Choć do tej pory widzowie zobaczyli tylko jeden film z kinowego uniwersum DC Comics, to już wkrótce sytuacja ta ma się mocno zmienić. Tak przynajmniej wynika ze słów szefa Time Warner Jeffa Bewkesa wypowiedzianych na dorocznym spotkaniu koncernu w Atlancie.
Bewkes zapowiedział, że w ciągu najbliższych kilku lat Warner Bros. wprowadzi do kin co najmniej 10 filmów powstałych na bazie tytułów DC Comics. Szef Time Warner ma olbrzymie oczekiwania wobec widowiska
"Batman v Superman: Świt sprawiedliwości". Nazwał go "najbardziej oczekiwanym filmem 2016 roku".
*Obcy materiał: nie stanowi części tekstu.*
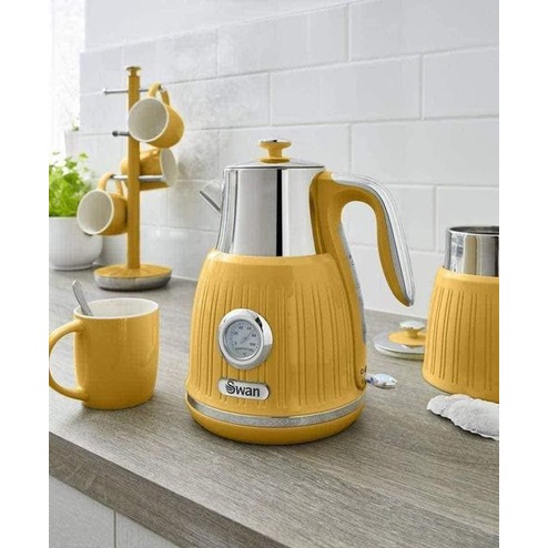 Ấm siêu tốc có đồng hồ đo nhiệt độ Swan retro màu vàng-cực kỳ sang chảnh ạNăm nay màu vàng lên ngôi, ấm siêu tốc Swan nhà em về cái nào bay ngay cái đó, không đợi đến ngày hôm sau:
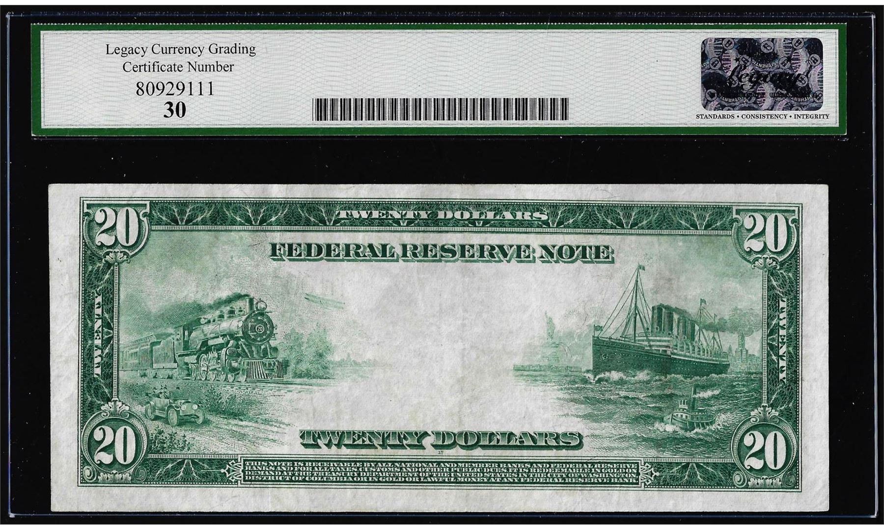 One 1914 $20 Federal Reserve Note St. Louis Fr. 992 Legacy Very Fine 30. Legacy Graded.
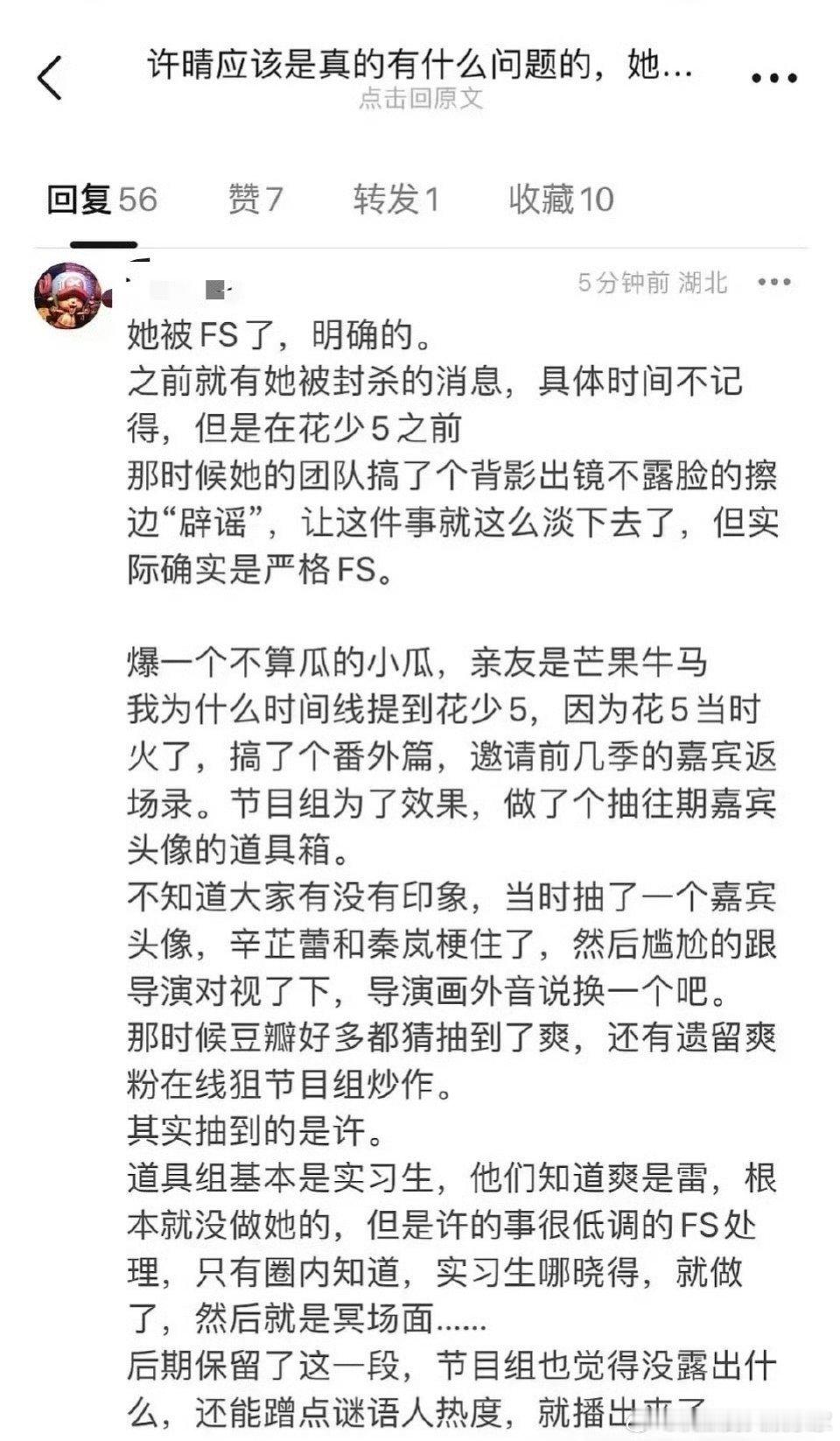 宝格丽那个活动也是几年前的视频了,近几年许晴好像没怎么出来,那时候一直说被封.杀了,还上了热.搜,后来确实也不出来了。微博上五条动态,都是关于话剧的,是因为什么被.封了啊?
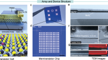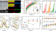 The DC electrical measurements of test cells were performed by using an Agilent 4156C Semiconductor Parameter Analyzer. Pulse measurements for cycling endurance were conducted by an Agilent 81110 A pulse generator and Tektronix oscilloscope (6 GHz). For cycling endurance measurements, an external load resistance was serially connected between the device and the analyser. Uniformity of samples across a 150-mm wafer was measured using DC measurements to cycle respective devices 100 times each (Supplementary Fig. 13).
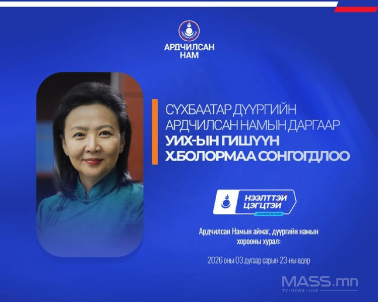 - Сүхбаатар дүүргийн Ардчилсан Намын даргаар урьдчилсан байдлаар УИХ-ын гишүүн Х.Болормаа сонгогдлоо.
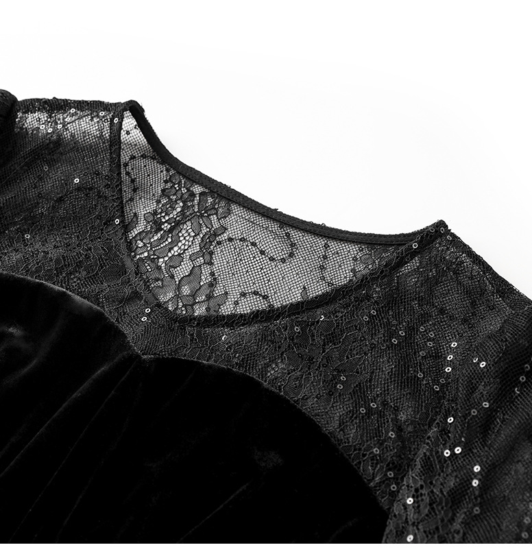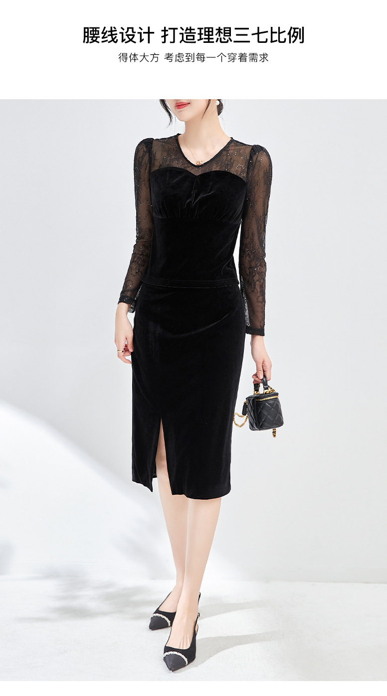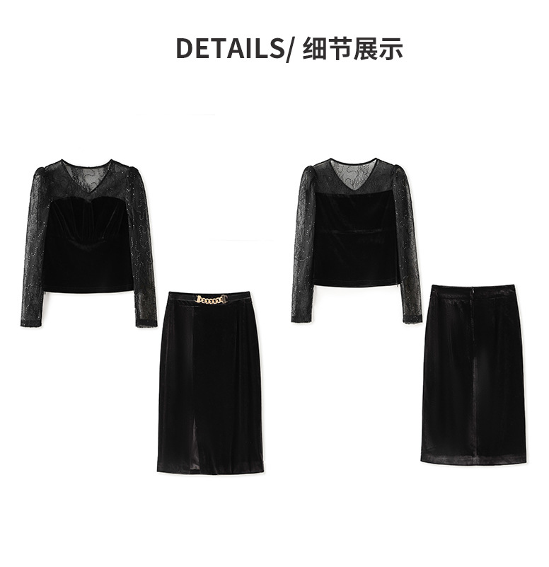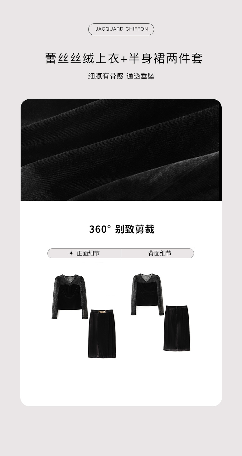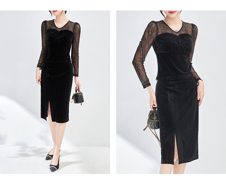 法式显瘦,丝绒拼亮片蕾丝上衣+高腰开叉半身裙两件套WLZD-2405110
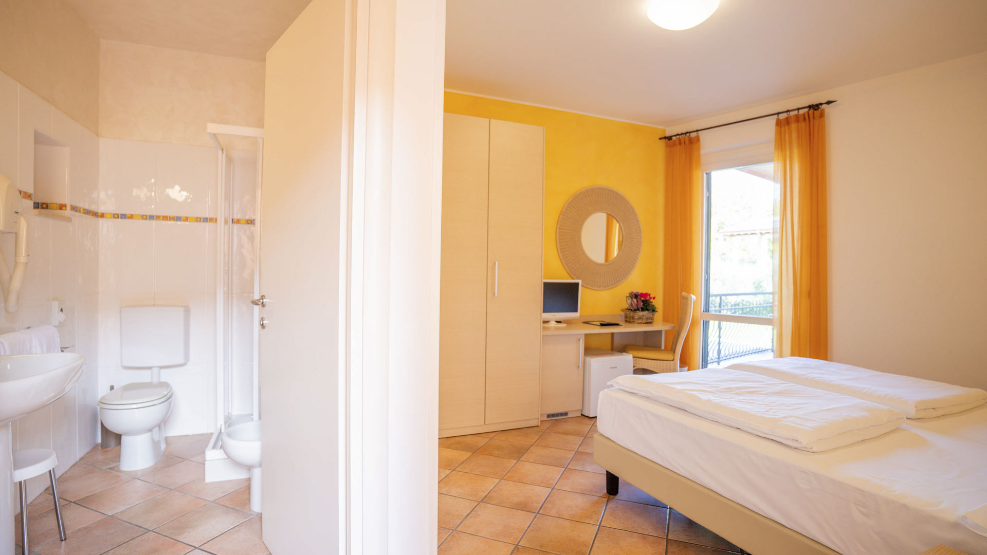 Camere con letto matrimoniale situate al primo e al secondo piano con balcone affacciato sul giardino o sulla piscina, ampia e curata nei dettagli. Dispone di TV-SAT, aria condizionata e bagno privato.

Niestety Bewkes nie powiedział, jakie widowiska miał na myśli. Liczba "10" może wydawać się duża, ale to oznacza jedynie potwierdzenie planu, który już znamy, a który wygląda tak:
Rok 2016:
"Batman v Superman: Świt sprawiedliwości" i
"Suicide Squad" Rok 2017:
"Wonder Woman" i
"Justice League Part One" Rok 2018:
"The Flash" i
"Aquaman" Rok 2019:
"Shazam" i
"Justice League Part Two" Rok 2020:
"Cyborg" i
"Green Lantern" Tytuły te wyczerpują pulę dziesięciu filmów. Co więc z samodzielnymi filmami Supermana i Batmana? Co z
"Justice League Dark"? Co z
"Lobo"? W planach były też takie obrazy jak
"Hawkman" i
"Metal Men" oraz spin-offy
"Suicide Squad" "Deathstroke" i
"Booster Gold".
Patrząc przez pryzmat tych tytułów, liczba "10" wcale nie wydaje się aż tak imponująca.